Presente e Futuro: A Felicidade à Beira-Mar

Hoje, a Capela do Senhor da Pedra é um ponto de excelência numa praia de veraneio, um enquadramento paisagístico que atrai inúmeros visitantes. Turistas curiosos, amantes que partilham beijos ao entardecer, num ritual quase instituído no inconsciente coletivo, revelam a capacidade deste lugar de evocar a felicidade e as “brancas paixões”. É a confirmação de que estes locais, impregnados de história e lenda, têm o poder de tocar a alma humana e de a tornar mais feliz.

A romaria, as promessas, o “Primeiro Banho do Ano” – uma tradição iniciada por um grupo de amigos há 46 anos e que hoje congrega multidões – são manifestações contemporâneas de uma religiosidade popular que, por vezes, transcende a própria liturgia. Como nos confidencia o Sr. José Bernardo ( o mesmo senhor que nos falou na crua dos cravos), dono do café em frente, esta “romaria” com o seu “abastardamento indumentário” reflete a busca incessante do ser humano por alegria e pela cura das suas aflições.

A Capela do Senhor da Pedra, para lá das suas paredes e da sua cronologia, é um símbolo. Símbolo de uma região que, em 250 anos, tem procurado dialogar com o sagrado e com o mar. É um lugar onde a rocha se encontra com a fé humana, onde o mistério se cruza com a devoção, e onde, no fundo, se celebra a própria vida, em todas as suas complexidades e manifestações.

Cronologia:

Linha do Tempo dos Principais Eventos da Capela do Senhor da Pedra

-Há aproximadamente 298 ± 12 milhões de anos (Período Hercínico): Formação dos afloramentos graníticos onde a Capela do Senhor da Pedra está situada, durante a orogenia hercínica, quando os continentes convergiam para formar a Pangeia.

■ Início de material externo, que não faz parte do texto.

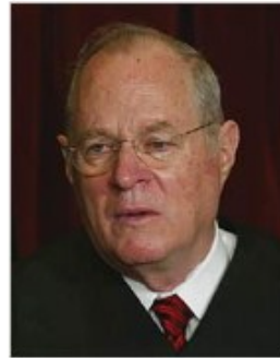
Anthony M. Kennedy Nominated by Ronald Reagan in 1987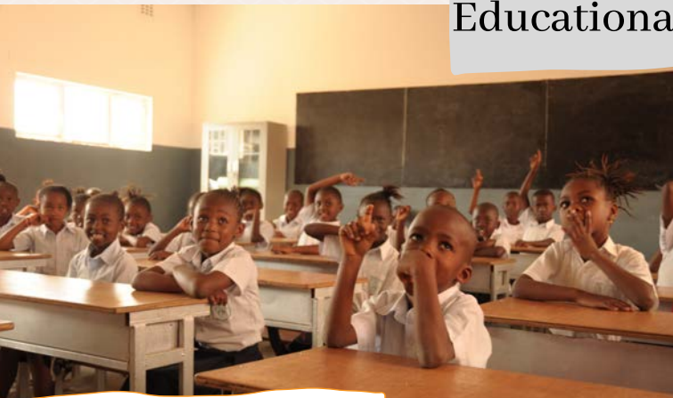
Wokovu, Lubumbashi-DR Congo School Complex Continued Expansion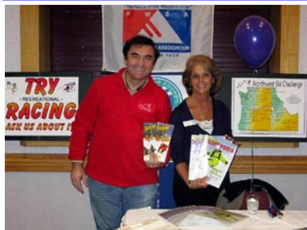
Ski Fair (Nov. 18)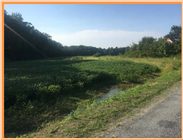
VIEW NORTHEAST ALONG WEST SIDE OF PROPERTY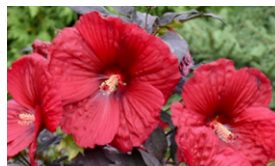
Summerific® 'Holy Grail' Hibiscus

-Tempos Imemoriais (período pré-Cristão): Os afloramentos rochosos litorais, incluindo o local da Capela do Senhor da Pedra, poderã estar associados a práticas de litolatria (culto à rocha) e a um fundo mágico e religioso primitivo? Apesar de não conseguir ver nenhuma fossete.

-Século XVII (especificamente 1686 – data na fachada, mas não corroborada): Um painel de azulejos na fachada da capela indica o ano de 1686 como sua construção. No entanto, a ausência de documentação para essa data sugere que não é a data real da edificação.-

-1758: Nas Memórias Paroquiais (encomendadas pelo Marquês de Pombal), não há menção à Capela do Senhor da Pedra nem a qualquer culto organizado no local em Gulpilhares. Isso não exclui a existência de devoções populares no local.

-Junho de 1763: O Pároco de Gulpilhares, Francisco Caetano de Sousa Sarmento, solicita ao Bispo do Porto a bênção da capela.

-13 de junho de 1763: A Capela do Senhor da Pedra é benzida, e uma imagem do Senhor da Cruz é trazida em procissão da igreja matriz. Esta data é consistente com o estilo Rococó dos retábulos interiores.

-Há 46 anos (a partir da data do texto): Início da tradição do “Primeiro Banho do Ano” por um grupo de amigos, que se tornou um evento com multidões.

-Presente: A Capela do Senhor da Pedra é um geomonumento e um ponto de atração turística. Continua a ser um centro de devoção católica, mas também de práticas de religiosidade popular, sincretismo e rituais (magia, feitiçaria, busca de curas). É um local onde ocorrem as romarias anuais no Domingo da Santíssima Trindade, o “Primeiro Banho do Ano”, e é associada a momentos de felicidade e “paixões.